Everybody has a plan to make cricket more equitable, bring in more money, have more rational calendars, comprehensible points systems and so on. The International Cricket Council, sadly, isn’t one with such plans. Some years ago, the Woolf Report put forward ideas which were heartily ignored. Now the World Cricketers’ Association (WCA), a body with little power since India doesn’t recognise it, has published a report it claims can bring in an additional $240 million annually.

This players’ body (originally called FICA or Federation of International Cricketers’ Associations) has identified four areas that require urgent solution in a recent paper entitled Protecting History, Embracing Change: A Unified Coherent Global Future.
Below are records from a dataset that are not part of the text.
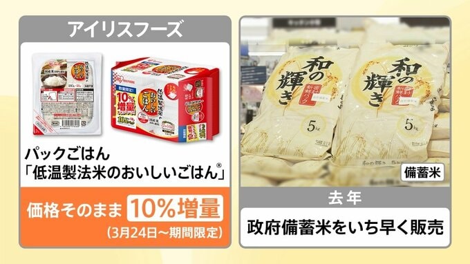 アイリスオーヤマのグループ会社「アイリスフーズ」が、24日から期間限定で販売開始しているパックごはん「低温製法米のおいしいごはん」は、価格はそのままで10%増量しています。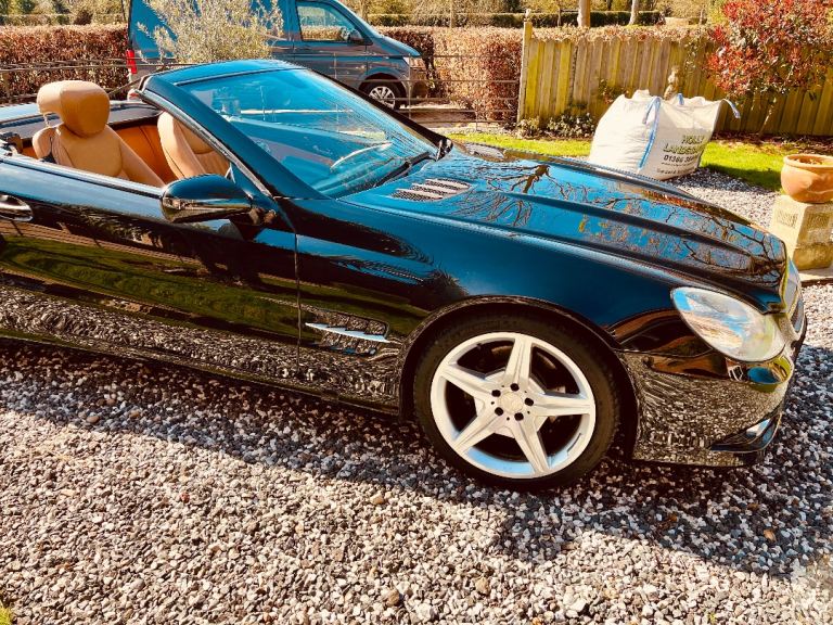 Mercedes SL350 7-Gtronic. Purchased in spring last year by my father in-law, I am updating a couple of bits on the advert as I was unaware of a some extra details as I am selling for my mother in law (please note that it shows nine owners as it has now been transferred to my mother in laws name) work carried out has included all major issues which were raised on the previous MOT when purchased, I have just put a new MOT on and also a new auxiliary battery for the folding roof in addition to other work that was carried out with genuine Mercedes parts (please see photos) In addition I am now aware there are two sets of keys, I have a video of the roof in full working order up/down if required so feel free to ask (I couldn't manage to upload it) This car is in beautiful condition with a unique leather and walnut inset option that is hard to find other than the standard black. I have included a photo of the car report showing services please feel free to call me if you need any further information.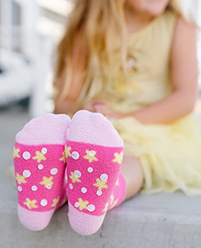 Jefferies Socks Girls Fuzzy Fashion Rainbow Pattern Non-Skid Slipper Socks 4 Pack 6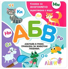 Приказка за животни любими. Книжката е забавно помагало за най-малките, с чиято помощ лесно ще научат буквите от българската азбуката и ще срещнат много представители на животинското царство. Жабка, скрита в шапка, се впуска в горско приключение, за да помогне на децата да открият красивия свят на буквите. С тази книжка вашето дете ще се превърне в истински вълшебник! Разгърнете страничките на книжката. Използвайте четка, намокрена само с вода, за да превърнете картинките в истински цветни вълшебства. Оставете да изсъхне. Можете да повтаряте този трик отново и отново! Богато илюстрираната книжка е предназначена за ... |

These range from scheduling (which it says is “chaotic, inconsistent and confusing”) to finance (“not optimised, balanced or used effectively”) and from regulations (outdated for a “transnational era with limited security for players”) to leadership, or lack of it (there is “regional self-interest, short-term thinking and an imbalance of power”).

Ironic

If the rationalisation is aimed at making more money, it is ironic because that’s what the WCA is accusing the Board of Control for Cricket in India of focusing on all the time. Should success be calculated in purely monetary terms?

Many of the recommendations have been around for a while. It would have been possible to take the rest more seriously if the essence went beyond complaining about the IPL’s lack of love for the rest of the world. The IPL stimulates half the global economy in cricket, avers the report, “but shares only 0.3 percent of the revenue with other countries, and less than ten percent with the players.”

There is too the recommendation that India and Pakistan play more often “to create significantly further global interest and drive new growth.” In other words, please make even more money, India, and share it with the rest of us.

Another recommendation is that India’s men players ought to be released “to play in global T20 leagues outside the IPL” to increase the leagues’ earning potential. In other words, please help us make more moolah. Money is the root of all good, suggests the WCA.

The International Cricket Council and the BCCI (anyone who can spot the difference is entitled to a prize) have been cavalier about financial accountability. Hence the WCA recommendation: “All distributions from the ICC to National Governing Bodies to be publicly accounted for and independently audited against clear KPI (Key Performance Indicators) and enforcement mechanisms (i.e. future reductions / clawback penalties for any malpractice).” The fact that this obvious practice is a recommendation indicates it is neither obvious nor a practice.

Indians in other T20 leagues

Perhaps an unstated intention in the report is the hope that Indian players (men) would make a case for playing in other domestic T20 franchises for the greater financial benefit of both the individual and the game. Can they sue for restraint of trade, for example? The Indian Contracts Act 1872 which governs contracts might gain currency if that were to happen.

The WCA seems to suggest that nothing can be done about the power of the BCCI and the IPL unless there is a response from within. This is an insidious way of ensuring the growth and spread of the game. As regular readers of this column know, I am not always a great fan of the way the BCCI goes about its job, but isolating India or cutting the BCCI down to size is hardly the way forward for cricket. The WCA report is unlikely to make the slightest difference to either, however.

Reforming ICC?

Is the ICC in need of reform? Yes, it is. The term of its sole independent director (Indira Nooyi) ended in August last, its CEO (Geoff Allardyce) quit in January. Neither has been replaced. Three countries, India, England and Australia together take away 87% of the revenues. There is a “lack of overarching leadership”, as the WCA puts it. Administrators, unlike players, see no merit in those in form helping those struggling. Players complain there’s too much cricket, a lot of it meaningless, but play on nevertheless.

Somewhere between India’s hyper-nationalistic responses to issues and the WCA’s largely single-pointed one there is a solution. Its root lies in altruism, not self-interest.